Wednesday, March 13, 2013

Minimum Wage Contradictions

The economist, Bryan Caplan, makes some interesting arguments against the minimum wage. But what piqued my interest the most was his commentary on the research of David Card. Recently, Obama's proposal to increase the minimum wage has put Alan Krueger, chair of Obama's Council of Economic Advisers, in the spot light. He, along with Card, produced several notable studies concluding that the MW doesn't have deleterious effects on employment.

But Caplan points out that Card also produced studies showing that immigration doesn't have an effect on the wages of low skilled workers and this contradicts the aforementioned studies. How so? The studies on immigration showed that demand increased with the increased supply of labor which means that demand for labor is highly elastic. So instead of the increased supply of immigrants reducing the price of labor, the demand for that labor increases, leaving the wage amount pretty much the same. So demand for labor is infinitely elastic (the demand curve is horizontal).

But Card's argument for the MW having no effect on employment is the exact opposite. There the argument is that the more the MW is increased the more workers are available for work but the demand for employment remains exactly the same. In other words, according to Card's work, demand is infinitely inelastic (the demand curve is vertical).

Caplan's conclusion

1. The literature on the effect of low-skilled immigration on native wages.  A strong consensus finds that large increases in low-skilled immigration have little effect on low-skilled native wages.  David Card himself is a major contributor here, most famously for his study of the Mariel boatlift.  These results imply a highly elastic demand curve for low-skilled labor, which in turn implies a large disemployment effect of the minimum wage.

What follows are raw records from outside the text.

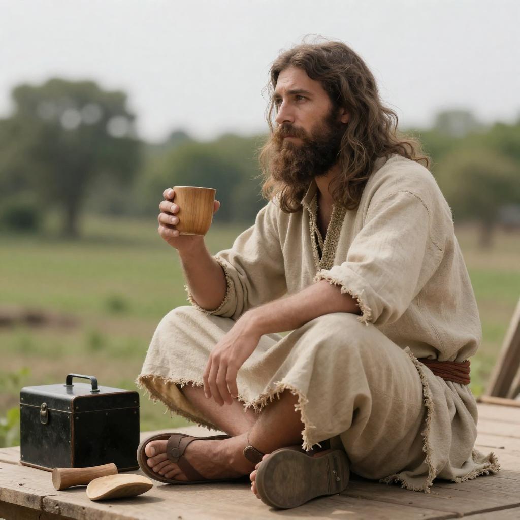 Realistic photo.Jesus holding a flail in a rebellious pose, with twilight lighting. The background includes stormy skies and deep blues. Focus on a defiant spirit. realistic photo
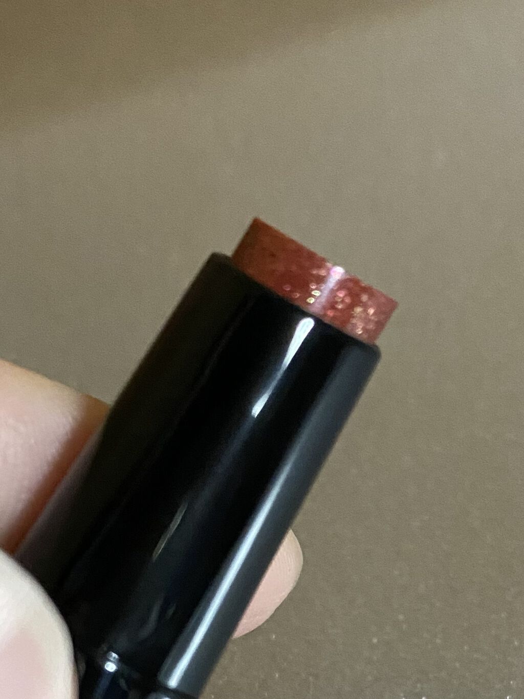 通常のリップモンスターと比べると本当にミニサイズ!!! 持ち運びには良さそう❢ 多色ラメがざっくざく!!!! でもラメがいっぱい入ってるので 唇に塗るとそのザラザラ感?ジャリジャリ感がめっちゃある😟 カラーはブラウン味が強めかな! ラメが入ってる分色の落ち方も汚い気がしました(´・ω・`) ラメだけ残る感じで乾燥も気になるかもー。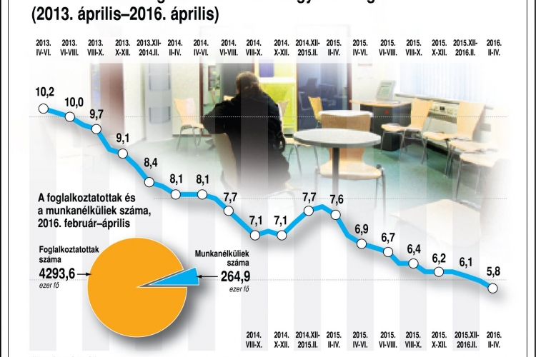 Az euróövezet statisztikai hivatala az Eurostat keddi közlése szerint Magyarország az Európai Unió 28 tagállama között az ötödik legalacsonyabb munkanélküliségi rátával rendelkezett áprilisban, 5,6 százalékos mutatóval. Az adatokat kommentálva Pesuth Tamás, a Budapesti Corvinus Egyetem oktatója az M1 aktuális csatornán elmondta, hogy több mint 10 éve nem volt ilyen alacsony a munkanélküliségi ráta Magyarországon.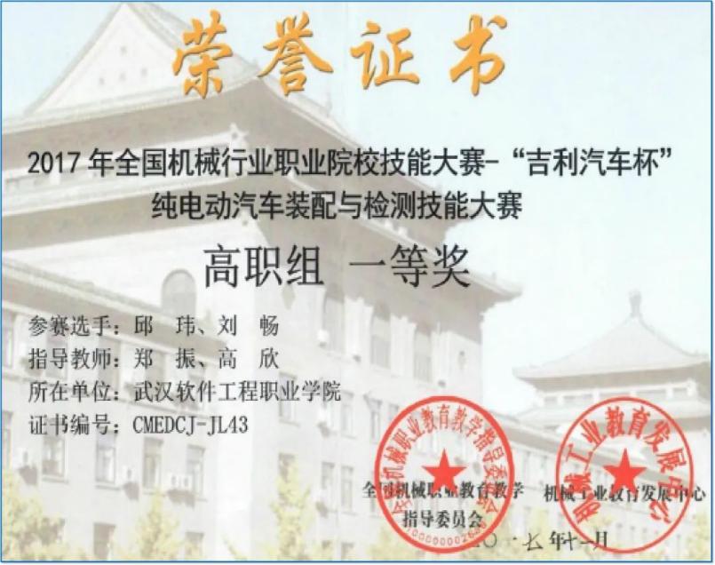 2017年学生荣获全国 “吉利汽车杯”纯电动汽车装配与检测技能大赛团体一等奖。2019年学生荣获第十一届全国交通运输行业汽车维修工(学生组)职业技能大赛湖北省二等奖。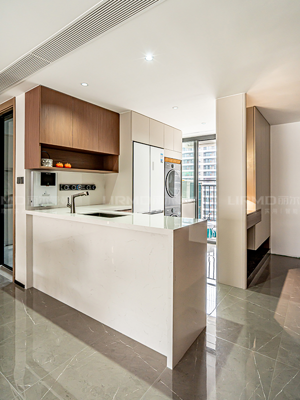 收納柜+巖板背景,巖板+淺木色搭配,層次感拉滿!柜門無拉手設計,按壓反彈器開合,極簡不雜亂

This consensus among immigration researchers is so strong that George Borjas titled his dissenting paper "The Labor Demand Curve Is Downward Sloping."  If this were a paper on the minimum wage, readers would assume Borjas was arguing that the labor demand curve is downward-sloping rather than vertical.  Since he's writing about immigration, however, he's actually claiming the labor demand curve is downward-sloping rather than horizontal!